22 October 2018

Zimbabwe: Govt to Clamp Down On Deforestation

Government is tightening environmental laws to rein in people who cut down trees causing deforestation and contributing to climate change, Lands, Agriculture, Water, Climate and Rural Resettlement Deputy Minister Cde Douglas Karoro said.

Speaking at the commissioning of a biogas digester at Chitsungo Mission Hospital in Mbire district on Thursday last week, Cde Karoro said the hospital used to be a major consumer of firewood, immensely contributing to deforestation in Mbire but was now using biogas, which was clean energy. He added that deforestation was contributing immensely to climate change and Government had joined hands with other countries in enforcing laws that mitigate climate change.

"Government will impose stiffer penalties on people who cut down trees. The laws are there but they are not being enforced. Government is now committed to enforce these laws.

"Those caught cutting down trees will be arrested, fined up to $1 000 or jailed for up to two years," said Cde Karoro.

"The Environmental Management Agency was being hindered from implementing some policies by people who protected those arrested for violating environmental laws. Under the new dispensation there will be nothing like that.

"The hospital owes the Zimbabwe Electricity Supply Authority about $60 000 and at one point electricity was cut off because of the arrears. Some of the patients who come here have no capacity to pay their bills, the biogas will help the hospital cut down on its electricity usage.

"I thank Carbon Green Africa for complimenting Government efforts through supporting sustainable and environmentally friendly livelihood initiatives such as conservation farming, nutritional gardens and bee keeping."

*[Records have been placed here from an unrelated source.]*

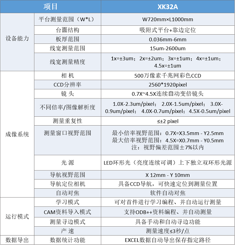 正業(yè)科技全新自動(dòng)線寬測量儀(XK32A)主要應(yīng)用于5G高端線路板及普通線路板的內(nèi)、外層半成品經(jīng)顯影蝕刻后(上綠油前)線路的上幅及下幅寬度、線距,圓孔(相機(jī)視野范圍內(nèi))檢查和分析。
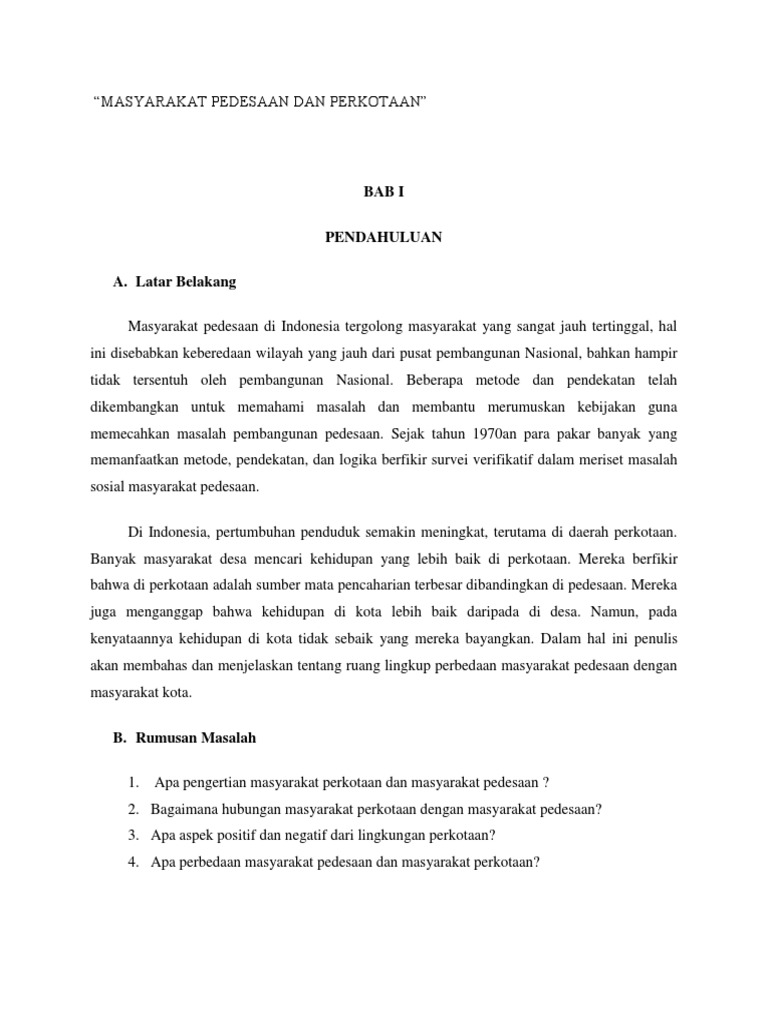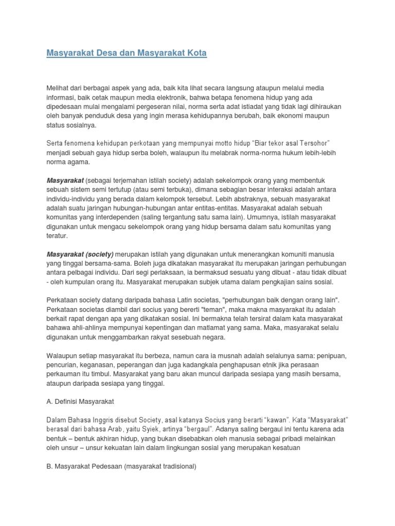 DOC) Hubungan dan Perbedaan Masyarakat Desa dan Kota ditinjau dari …
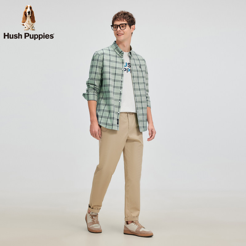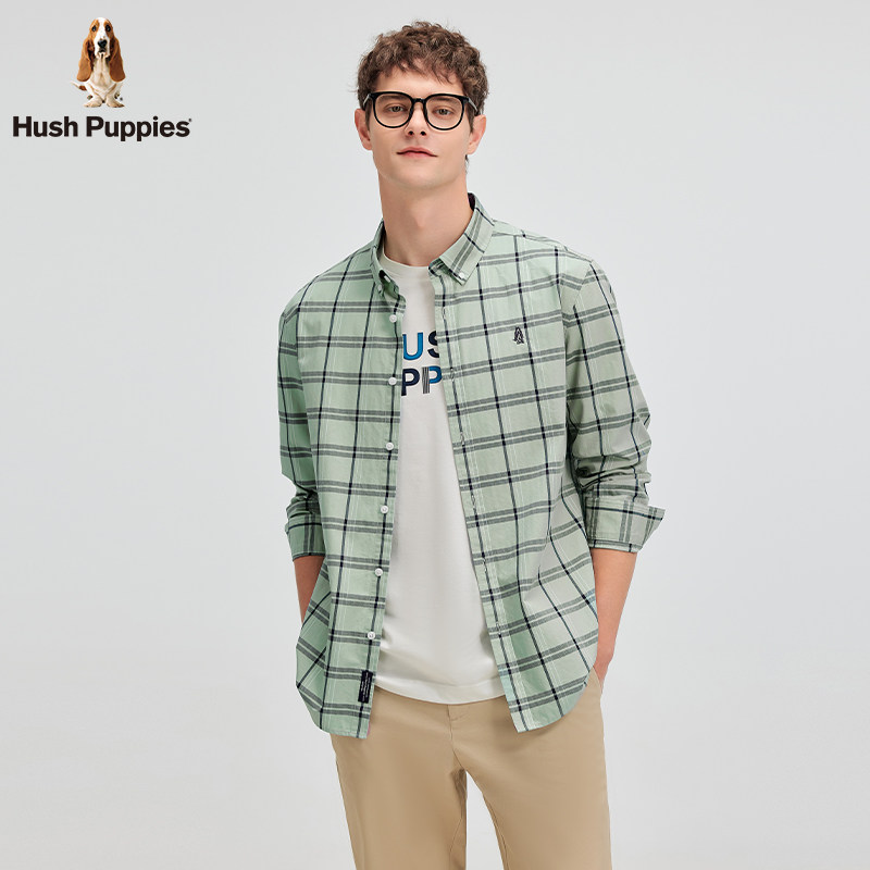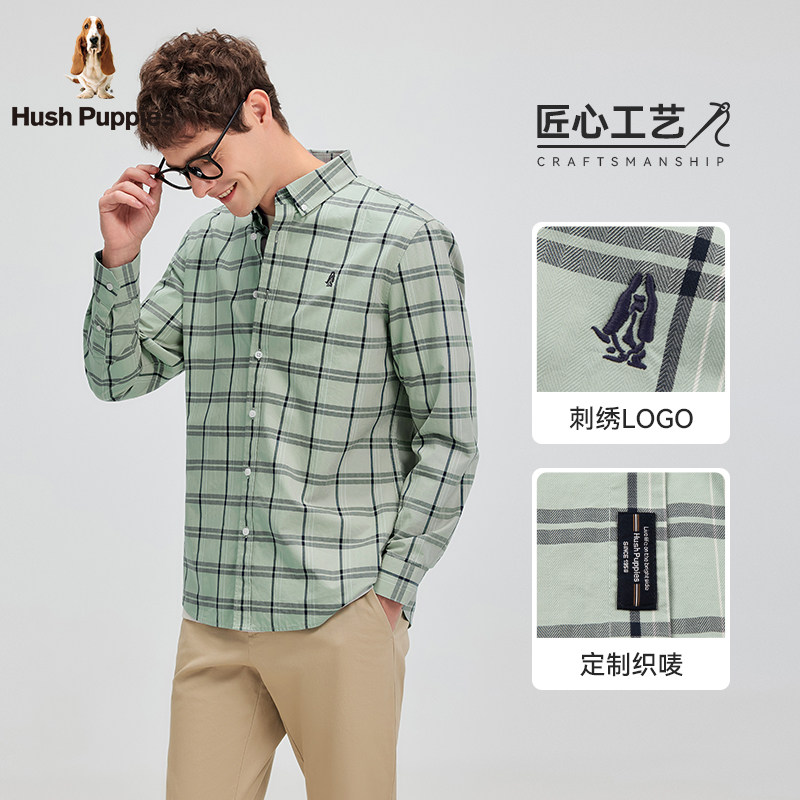【全棉斜纹布】暇步士男装2026年春棉感透气经典简约格纹长袖衬衫

Carbon Green Africa (CGA) managing director Mr Charles Ndondo said in assisting in the fight against climate change the company started the Kariba REDD+ Project in four districts along the Kariba belt, which are Mbire, Nyaminyami, Hurungwe and Binga.

"To date, the company has sold five million carbon credits to international buyers. The money is divided between the four districts. Mbire Rural District Council receives 40 percent direct cash payment while 30 percent goes to the community through implementing projects."

Acting Mbire district medical officer Dr Edwicks Chidziva said the total population in Mbire was 86 746 and Chitsungo is the referral centre for 13 clinics.

"There is a huge influx of people from other countries including Mozambique. There is no network connectivity at the hospital posing challenges during emergencies. We are appealing for a booster. Our monthly electricity bill was $1 200 and the bulk of it was consumed by our electric stove. Now we are able to channel that money towards other needs."